■ Assignment ■
Your job is to retype all of the data word for word, leaving every image out.

■ Dataset content ■

================================

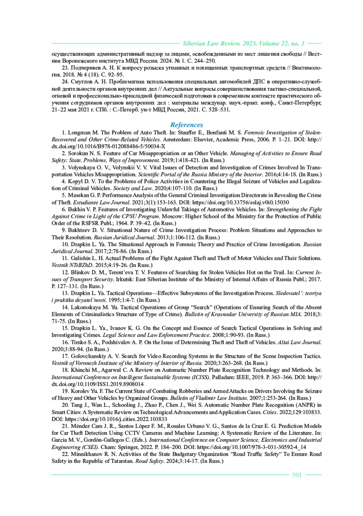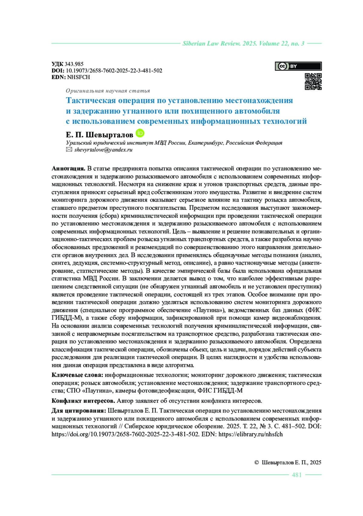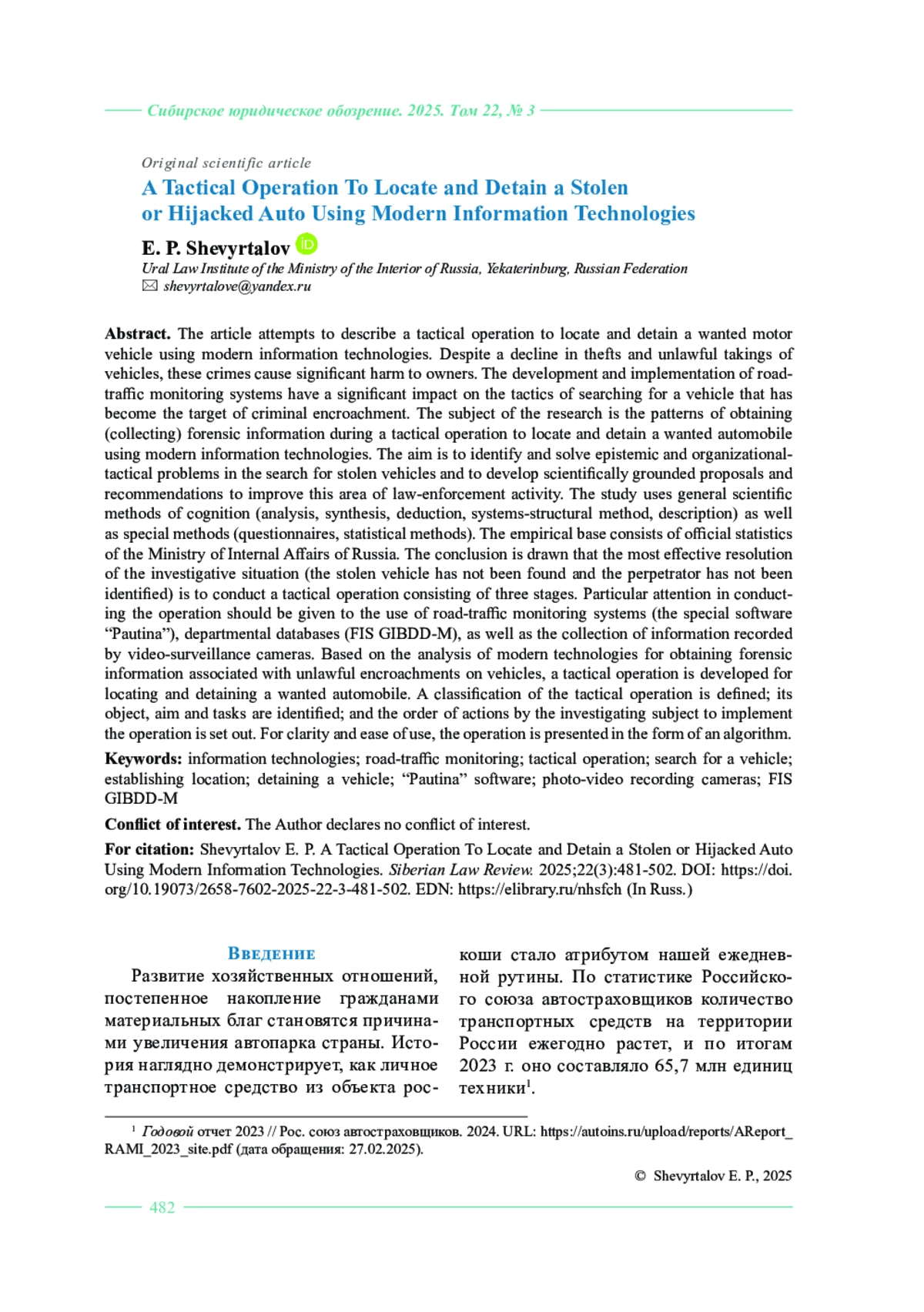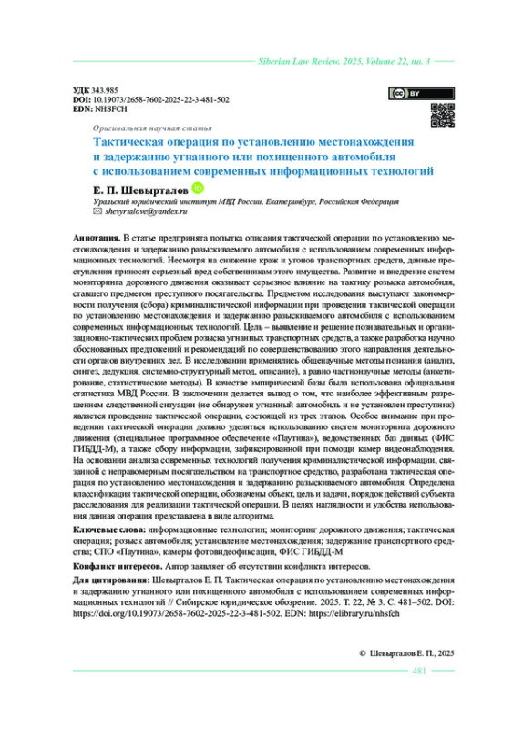 ШЕВЫРТАЛОВ Е. П. ТАКТИЧЕСКАЯ ОПЕРАЦИЯ ПО УСТАНОВЛЕНИЮ МЕСТОНАХОЖДЕНИЯ И ЗАДЕРЖАНИЮ УГНАННОГО ИЛИ ПОХИЩЕННОГО АВТОМОБИЛЯ С ИСПОЛЬЗОВАНИЕМ СОВРЕМЕННЫХ ИНФОРМАЦИОННЫХ ТЕХНОЛОГИЙ // СИБИРСКОЕ ЮРИДИЧЕСКОЕ ОБОЗРЕНИЕ. 2025. ТОМ 22, №3
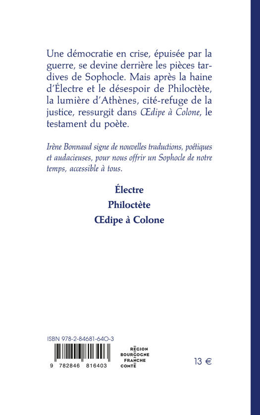 Ce second volume du théâtre complet de Sophocle présente les trois dernières pièces du dramaturge grec : Électre, Philoctète et Œdipe à Colone, dans une nouvelle traduction d’Irène Bonnaud.
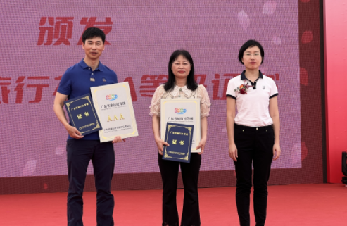 活动还向2家获评广东省3A级旅行社的佛山市天下游国际旅行社有限公司和佛山市三水中旅集团有限公司颁发了证书和牌匾,为区民政局婚姻登记处颁发了2022年度广东省“巾帼文明岗”牌匾。

================================

■ Solution to the problem ■
 ШЕВЫРТАЛОВ Е. П. ТАКТИЧЕСКАЯ ОПЕРАЦИЯ ПО УСТАНОВЛЕНИЮ МЕСТОНАХОЖДЕНИЯ И ЗАДЕРЖАНИЮ УГНАННОГО ИЛИ ПОХИЩЕННОГО АВТОМОБИЛЯ С ИСПОЛЬЗОВАНИЕМ СОВРЕМЕННЫХ ИНФОРМАЦИОННЫХ ТЕХНОЛОГИЙ // СИБИРСКОЕ ЮРИДИЧЕСКОЕ ОБОЗРЕНИЕ. 2025. ТОМ 22, №3
 Ce second volume du théâtre complet de Sophocle présente les trois dernières pièces du dramaturge grec : Électre, Philoctète et Œdipe à Colone, dans une nouvelle traduction d’Irène Bonnaud.
 活动还向2家获评广东省3A级旅行社的佛山市天下游国际旅行社有限公司和佛山市三水中旅集团有限公司颁发了证书和牌匾,为区民政局婚姻登记处颁发了2022年度广东省“巾帼文明岗”牌匾。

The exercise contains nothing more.